Власть в принципе не есть проявление, или выражение, нации, и не может им быть, поскольку нация рождается лишь в результате долгого сосуществования отдельных элементов под одной и той же Властью. Последняя обладает неоспоримым первородством.
Повелевание как причина
Эта очевидная взаимосвязь была затемнена в XIX в. метафизикой национальности. Воображение историков, потрясенное захватывающими демонстрациями национального чувства, проецировало в прошлое, даже самое отдаленное, реальность настоящего. Недавние «единства чувств» они восприняли как предшествование их нового осознания. История стала романом Нации – особы, которая, как героиня мелодрамы, в условленный час вызывала необходимого ей заступника.
Посредством странного превращения грабители и завоеватели, вроде Хлодвига или Вильгельма Нормандского, стали служить воле к жизни французской или английской нации.
Как искусство, история благодаря этому выиграла колоссально, найдя, наконец, то единство действия, ту непрерывность движения и особенно тот центральный персонаж, которых ей прежде недоставало[160].
Но это только литература. Верно, что «коллективное сознание»[161] – явление самой глубокой древности; требуется все же добавить, что это сознание имело узкие географические границы. Непонятно, как иначе оно могло быть расширено, если не посредством связывания друг с другом отдельных обществ, – а это дело повелевания.

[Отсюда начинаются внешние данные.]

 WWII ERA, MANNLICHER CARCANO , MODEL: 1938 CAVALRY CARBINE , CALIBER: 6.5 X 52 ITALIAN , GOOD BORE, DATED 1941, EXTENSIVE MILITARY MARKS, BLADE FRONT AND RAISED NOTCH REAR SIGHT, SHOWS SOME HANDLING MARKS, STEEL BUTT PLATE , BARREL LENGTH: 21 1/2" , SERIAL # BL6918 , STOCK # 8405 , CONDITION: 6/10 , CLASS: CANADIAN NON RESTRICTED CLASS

Многие из авторов совершают чреватую последствиями ошибку, утверждая, что такое большое политическое формирование, как государство, возникает естественным образом вследствие человеческой общительности. Это кажется само собой разумеющимся, поскольку таков, конечно, в самом деле принцип общества как факта природы. Но такое естественное общество является малым. А переход от малых обществ к большим не может происходить таким же образом. Здесь нужен связующий фактор, каковым в подавляющем большинстве случаев является инстинкт не объединения, а господства. Именно инстинкту господства обязаны своим существованием большие целостности[162].
Нация не создавала сначала своих вождей по той простой причине, что она им не предшествовала ни на деле, ни по инстинкту. Пусть нам поэтому не объясняют стягивающую и согласующую энергию человеческого сообщества посредством какой-то там эктоплазмы>*, внезапно возникшей из его глубин. Наоборот, в истории больших целостностей эта энергия является первопричиной, за пределы которой нельзя выйти.

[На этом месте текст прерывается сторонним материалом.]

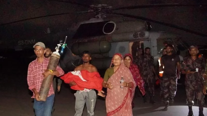 ফেনী জেলার পরশুরামে ভয়াবহ বন্যার কবলে পড়েছে হাজার হাজার মানুষ। এই দুর্যোগে নিরীহ শিশুরা সবচেয়ে বেশি ক্ষতিগ্রস্ত। এমনই এক মুমূর্ষু শিশুকে হেলিকপ্টারে উদ্ধার করে ঢাকায় নিয়ে আসার মাধ্যমে বিজিবি তাদের মানবিকতার জ্বলন্ত প্রমাণ রেখেছে।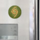 Ce symbole stylisé pour le signe zodiaque de Pisces est décoré de lignes complexes et de motifs de points. La conception symétrique comprend deux poissons élaborés qui s'intègrent dans un motif Yin yang. Ce magnifique aimant jaune et vert est une belle et élégante façon de montrer votre signe astrologique.

Словно для того, чтобы лучше это доказать, данная энергия чаще всего приходит извне.
Первый аспект повелевания
Принцип формирования обширных образований только один – завоевание. Иногда это дело одного из элементарных обществ целостности, но часто – дело воинственной дружины, пришедшей издалека[163]. В первом случае одна гражданская община повелевает многими общинами, во втором – маленький народ повелевает многими народами. Несмотря на различия, которые необходимо допустить, когда мы переходим в область конкретной истории, не стоит сомневаться, что понятия столицы и знати обязаны частью своего психологического содержания этим древним явлениям[164].

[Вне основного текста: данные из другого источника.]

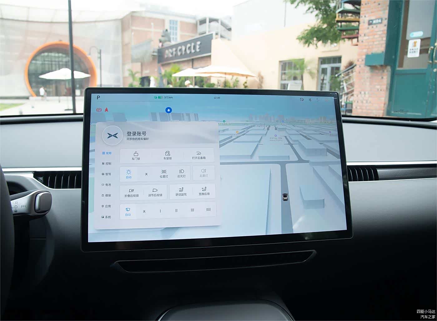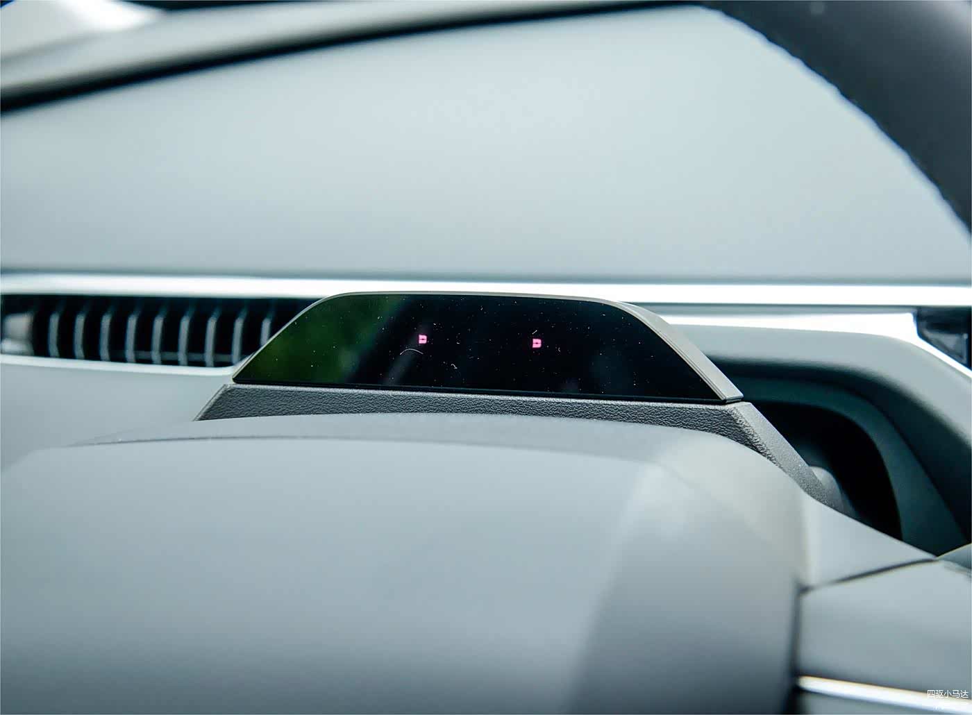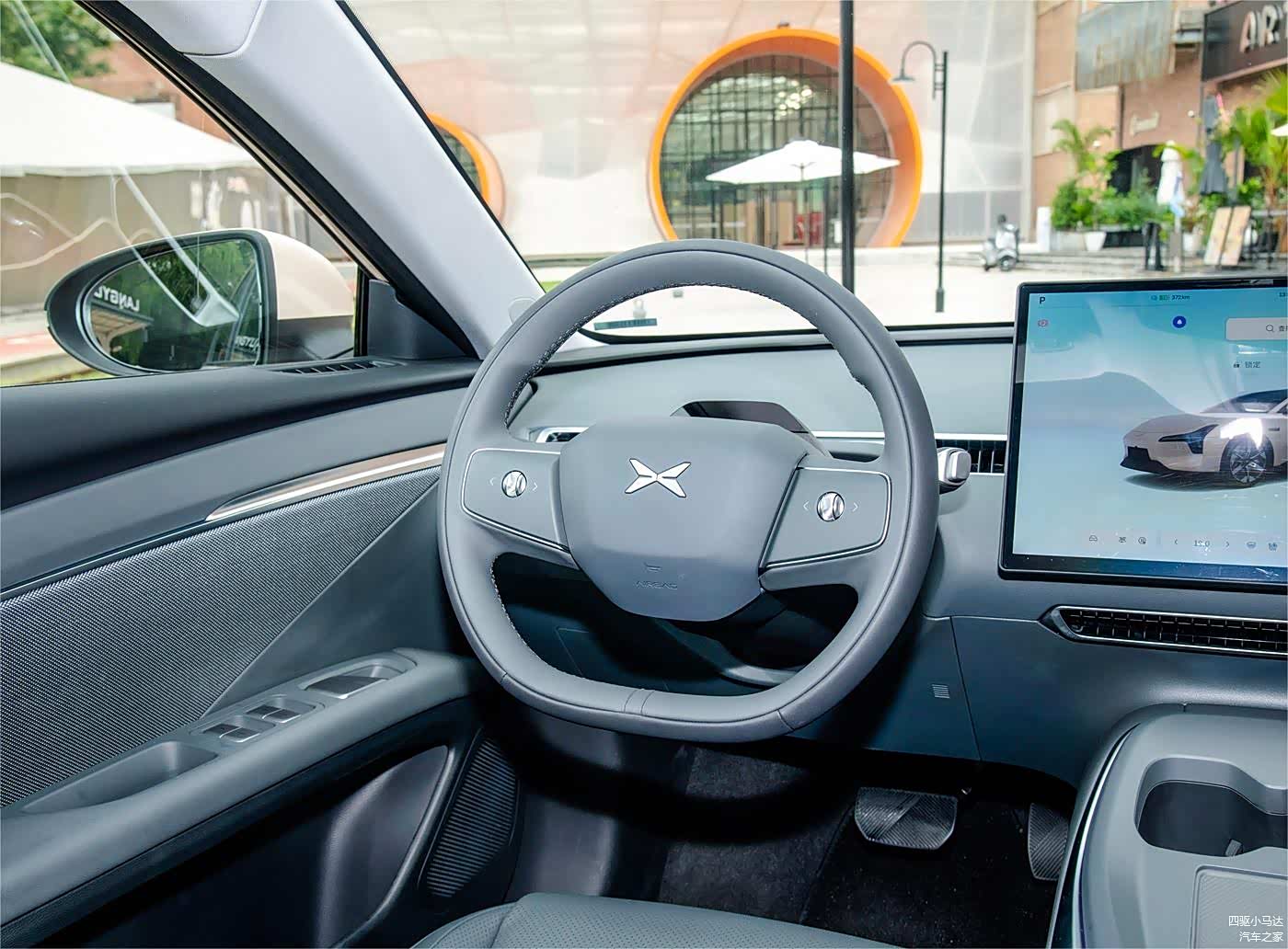 首先新车搭载了偏平底的方向盘,但不是很运动的那种,方向盘上非常简洁,中央一个小鹏车标,两侧各一个类似滚轮的功能设置键,除此之前没有其他按键和装饰,和特斯拉有些相似。新车也没有配备传统仪表盘设计。

В качестве движущих сил «синтезирующей деятельности», как ее называет Огюст Конт, судьба избирает весьма жестокие орудия. Так, современные государства Западной Европы должны признать, что их основателями были те германские племена, ужасный портрет которых нарисовал Тацит (несмотря на то, что как человек цивилизованный и немного идеалист, он был к ним благосклонен). И не стоит представлять себе, будто франки, от которых мы получили свое имя, отличались от готов, изображенных Аммианом Марцеллином, чей захватывающий рассказ заставляет нас следовать за этими бродячими племенами, грабящими и опустошающими все вокруг.